DATASET RECORDS Start Marker

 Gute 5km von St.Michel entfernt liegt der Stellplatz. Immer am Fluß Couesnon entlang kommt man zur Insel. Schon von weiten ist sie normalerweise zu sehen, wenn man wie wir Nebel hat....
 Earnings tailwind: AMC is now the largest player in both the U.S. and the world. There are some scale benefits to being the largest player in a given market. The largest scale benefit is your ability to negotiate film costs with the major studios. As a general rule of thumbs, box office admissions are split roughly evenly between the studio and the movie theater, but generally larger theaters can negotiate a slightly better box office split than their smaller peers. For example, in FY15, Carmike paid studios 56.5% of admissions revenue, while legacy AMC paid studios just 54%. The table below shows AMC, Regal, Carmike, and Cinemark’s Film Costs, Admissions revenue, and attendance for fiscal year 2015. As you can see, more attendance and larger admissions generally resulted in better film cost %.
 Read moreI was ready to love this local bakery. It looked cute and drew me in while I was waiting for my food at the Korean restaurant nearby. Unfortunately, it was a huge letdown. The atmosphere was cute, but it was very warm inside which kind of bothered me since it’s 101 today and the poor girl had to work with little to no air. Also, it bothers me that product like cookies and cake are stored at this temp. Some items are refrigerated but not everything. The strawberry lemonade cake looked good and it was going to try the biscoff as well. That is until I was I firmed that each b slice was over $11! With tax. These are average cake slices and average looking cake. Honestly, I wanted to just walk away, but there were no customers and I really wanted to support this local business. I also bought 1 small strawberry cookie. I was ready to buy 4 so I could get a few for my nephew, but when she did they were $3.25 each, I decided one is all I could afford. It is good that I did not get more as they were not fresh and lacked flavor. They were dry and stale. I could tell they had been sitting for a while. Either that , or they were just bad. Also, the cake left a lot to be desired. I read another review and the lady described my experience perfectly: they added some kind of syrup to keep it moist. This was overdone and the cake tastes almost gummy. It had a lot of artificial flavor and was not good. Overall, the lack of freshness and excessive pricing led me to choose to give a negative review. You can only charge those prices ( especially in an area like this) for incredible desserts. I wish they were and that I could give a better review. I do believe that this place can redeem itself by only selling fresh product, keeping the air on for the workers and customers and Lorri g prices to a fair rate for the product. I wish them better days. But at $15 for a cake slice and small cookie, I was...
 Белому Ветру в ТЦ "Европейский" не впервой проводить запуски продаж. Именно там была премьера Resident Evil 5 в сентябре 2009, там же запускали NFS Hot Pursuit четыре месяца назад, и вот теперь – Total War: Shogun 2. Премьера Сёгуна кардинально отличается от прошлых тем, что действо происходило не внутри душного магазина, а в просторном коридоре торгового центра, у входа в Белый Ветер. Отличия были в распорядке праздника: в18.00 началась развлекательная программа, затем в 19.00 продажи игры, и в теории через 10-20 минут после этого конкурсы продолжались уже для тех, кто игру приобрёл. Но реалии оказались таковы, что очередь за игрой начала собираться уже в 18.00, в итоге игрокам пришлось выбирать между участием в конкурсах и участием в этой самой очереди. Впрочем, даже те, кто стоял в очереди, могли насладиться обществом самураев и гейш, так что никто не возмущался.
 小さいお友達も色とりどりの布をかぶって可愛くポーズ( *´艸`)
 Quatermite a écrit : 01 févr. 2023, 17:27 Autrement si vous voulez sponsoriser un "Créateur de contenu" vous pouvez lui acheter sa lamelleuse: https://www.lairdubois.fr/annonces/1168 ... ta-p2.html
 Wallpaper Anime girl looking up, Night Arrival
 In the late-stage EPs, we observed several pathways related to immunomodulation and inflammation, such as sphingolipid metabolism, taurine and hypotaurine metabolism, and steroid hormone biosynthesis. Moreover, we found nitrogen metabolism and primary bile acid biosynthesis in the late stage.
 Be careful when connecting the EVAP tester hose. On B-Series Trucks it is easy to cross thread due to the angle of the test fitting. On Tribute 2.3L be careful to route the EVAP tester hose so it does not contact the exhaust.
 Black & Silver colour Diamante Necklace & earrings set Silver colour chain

DATASET RECORDS End Marker
DATASET RECORDS Start Marker

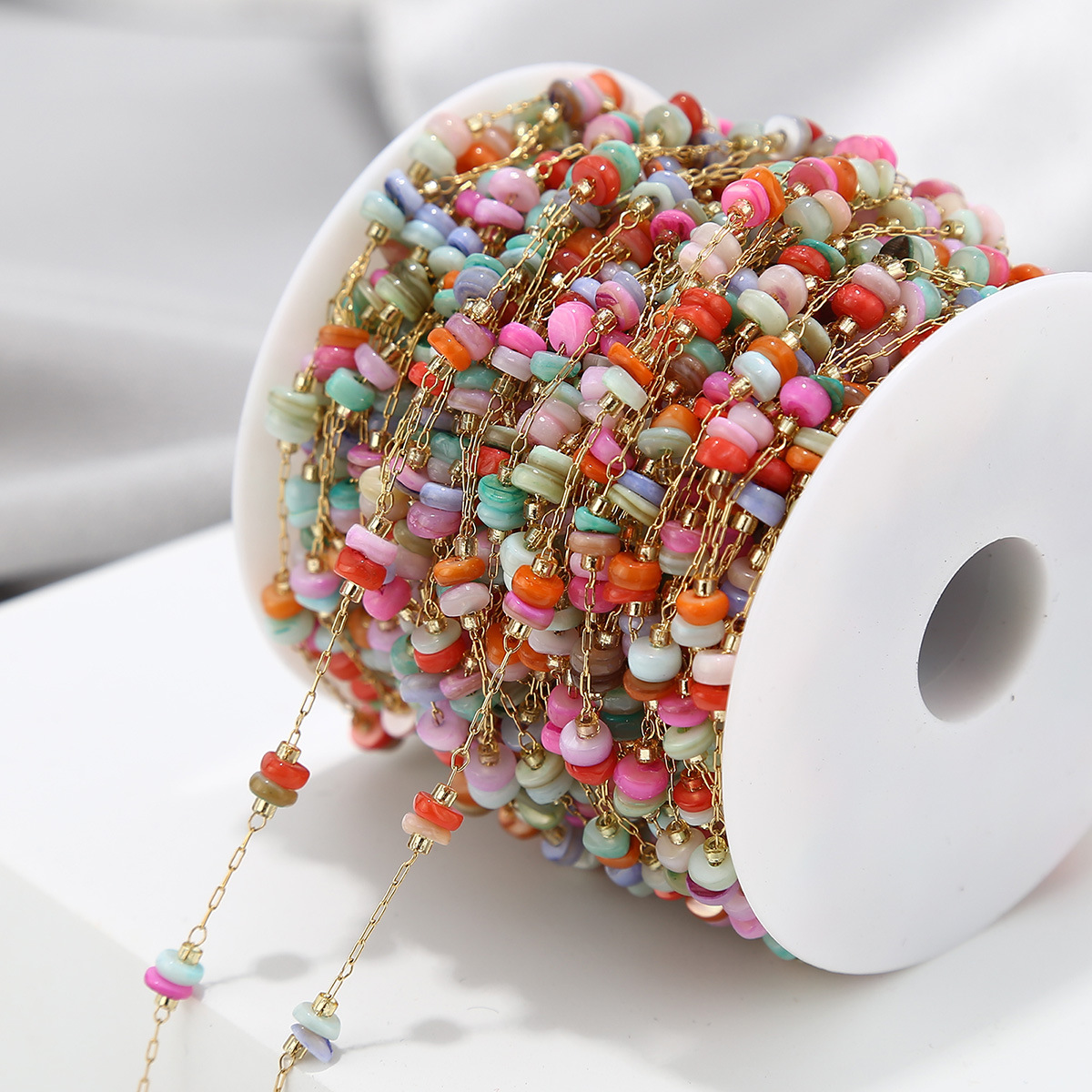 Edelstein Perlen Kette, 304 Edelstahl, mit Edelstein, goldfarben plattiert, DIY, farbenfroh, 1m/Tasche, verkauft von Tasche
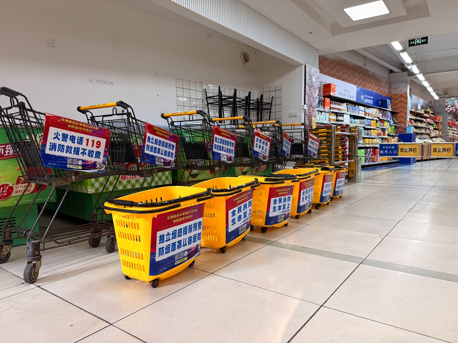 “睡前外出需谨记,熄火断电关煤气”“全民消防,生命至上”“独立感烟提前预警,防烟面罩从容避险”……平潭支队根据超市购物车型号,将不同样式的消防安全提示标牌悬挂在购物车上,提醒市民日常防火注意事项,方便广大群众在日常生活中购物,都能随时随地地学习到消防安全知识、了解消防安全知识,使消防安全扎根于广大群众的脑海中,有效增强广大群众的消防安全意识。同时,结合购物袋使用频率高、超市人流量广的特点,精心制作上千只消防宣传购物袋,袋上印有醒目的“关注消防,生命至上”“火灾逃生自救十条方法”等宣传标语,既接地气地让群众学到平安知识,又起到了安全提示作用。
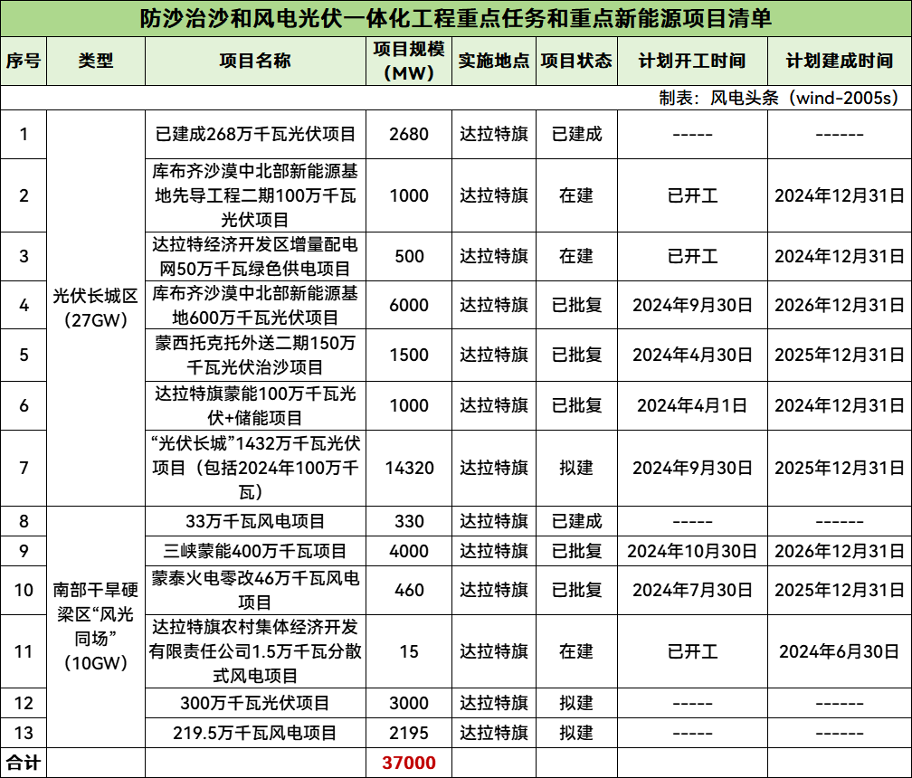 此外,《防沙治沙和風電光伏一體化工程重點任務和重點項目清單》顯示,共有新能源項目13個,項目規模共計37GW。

DATASET RECORDS End Marker
DATASET RECORDS Start Marker

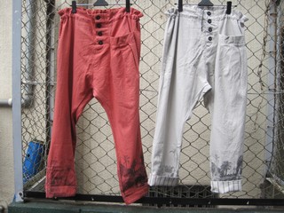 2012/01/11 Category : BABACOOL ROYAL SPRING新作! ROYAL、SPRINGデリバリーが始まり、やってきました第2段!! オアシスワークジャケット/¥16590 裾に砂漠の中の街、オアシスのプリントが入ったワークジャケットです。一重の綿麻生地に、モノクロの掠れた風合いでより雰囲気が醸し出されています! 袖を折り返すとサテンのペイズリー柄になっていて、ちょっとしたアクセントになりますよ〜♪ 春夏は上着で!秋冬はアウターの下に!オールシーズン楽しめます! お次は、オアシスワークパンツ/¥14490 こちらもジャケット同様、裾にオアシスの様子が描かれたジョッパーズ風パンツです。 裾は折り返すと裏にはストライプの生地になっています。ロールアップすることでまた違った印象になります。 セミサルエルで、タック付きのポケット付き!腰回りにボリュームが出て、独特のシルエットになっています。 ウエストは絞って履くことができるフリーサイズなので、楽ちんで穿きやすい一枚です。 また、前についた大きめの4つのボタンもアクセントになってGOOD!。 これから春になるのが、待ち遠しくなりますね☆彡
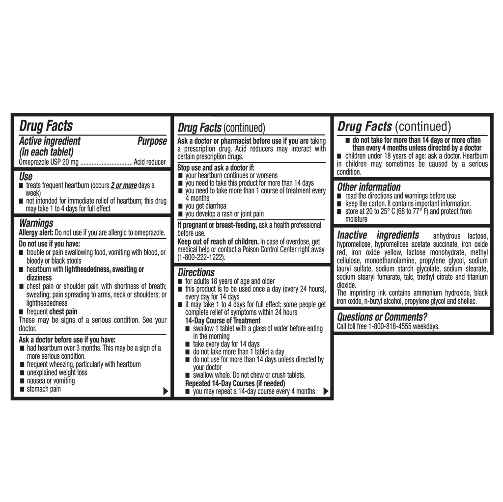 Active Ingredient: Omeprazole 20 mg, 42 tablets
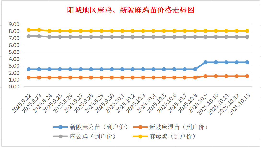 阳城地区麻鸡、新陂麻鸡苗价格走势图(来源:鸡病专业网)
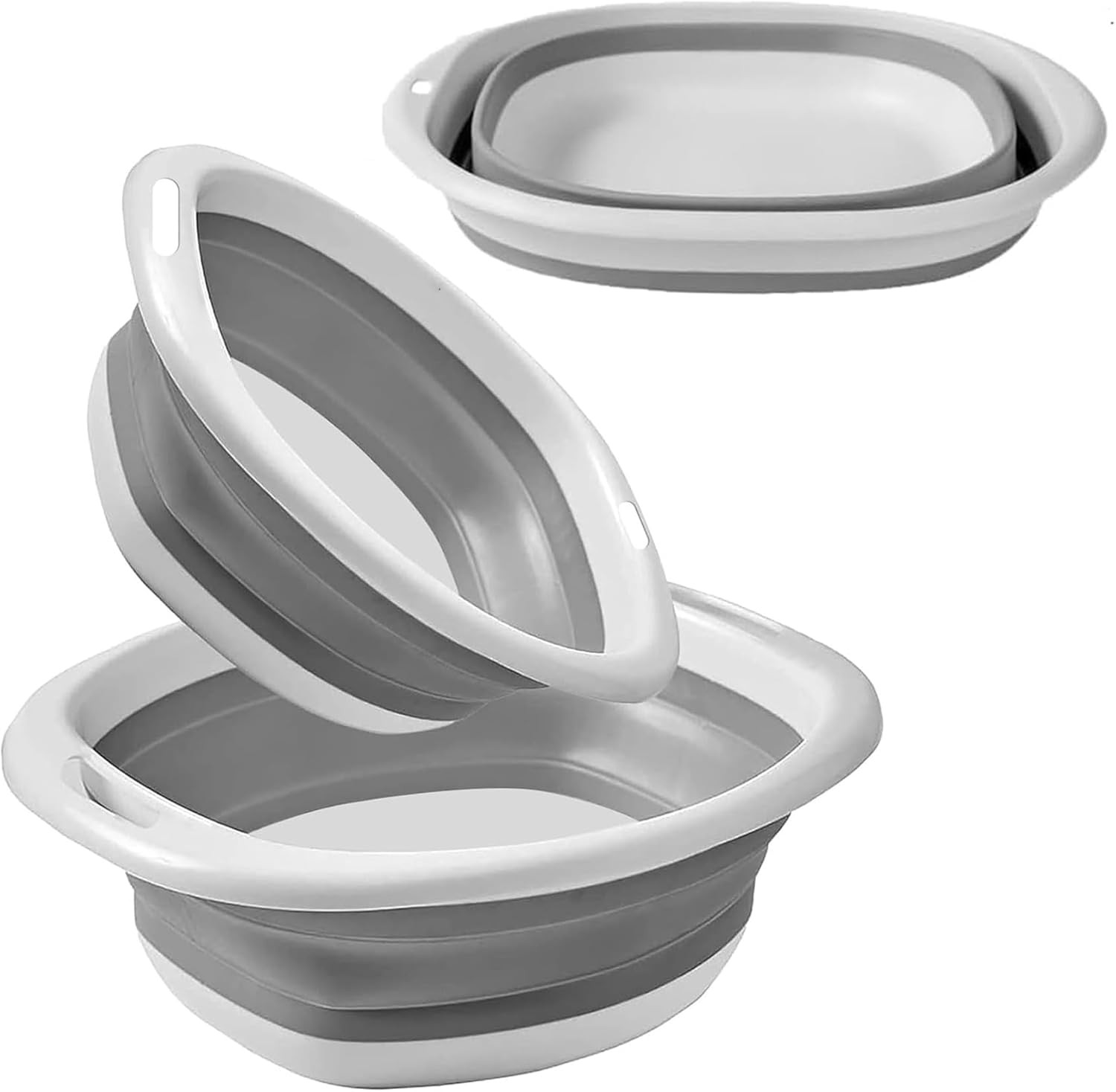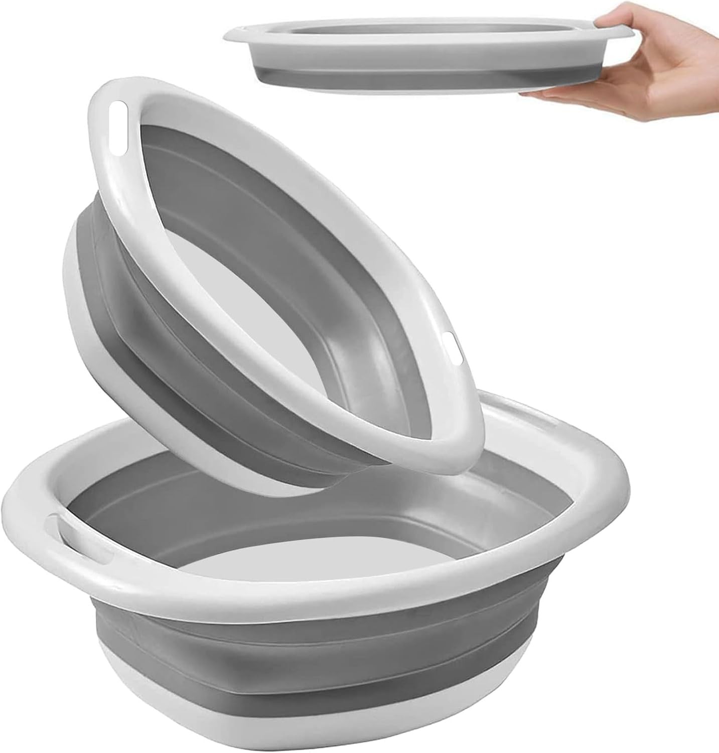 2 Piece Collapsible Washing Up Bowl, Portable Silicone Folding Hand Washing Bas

DATASET RECORDS End Marker

Please give back exactly the lines of the listing above that run from the one containing "Wallpaper Anime girl" through the one containing "Black & Silver", and only those.

**SOLUTION FOR THIS PROBLEM:**
 Wallpaper Anime girl looking up, Night Arrival
 In the late-stage EPs, we observed several pathways related to immunomodulation and inflammation, such as sphingolipid metabolism, taurine and hypotaurine metabolism, and steroid hormone biosynthesis. Moreover, we found nitrogen metabolism and primary bile acid biosynthesis in the late stage.
 Be careful when connecting the EVAP tester hose. On B-Series Trucks it is easy to cross thread due to the angle of the test fitting. On Tribute 2.3L be careful to route the EVAP tester hose so it does not contact the exhaust.
 Black & Silver colour Diamante Necklace & earrings set Silver colour chain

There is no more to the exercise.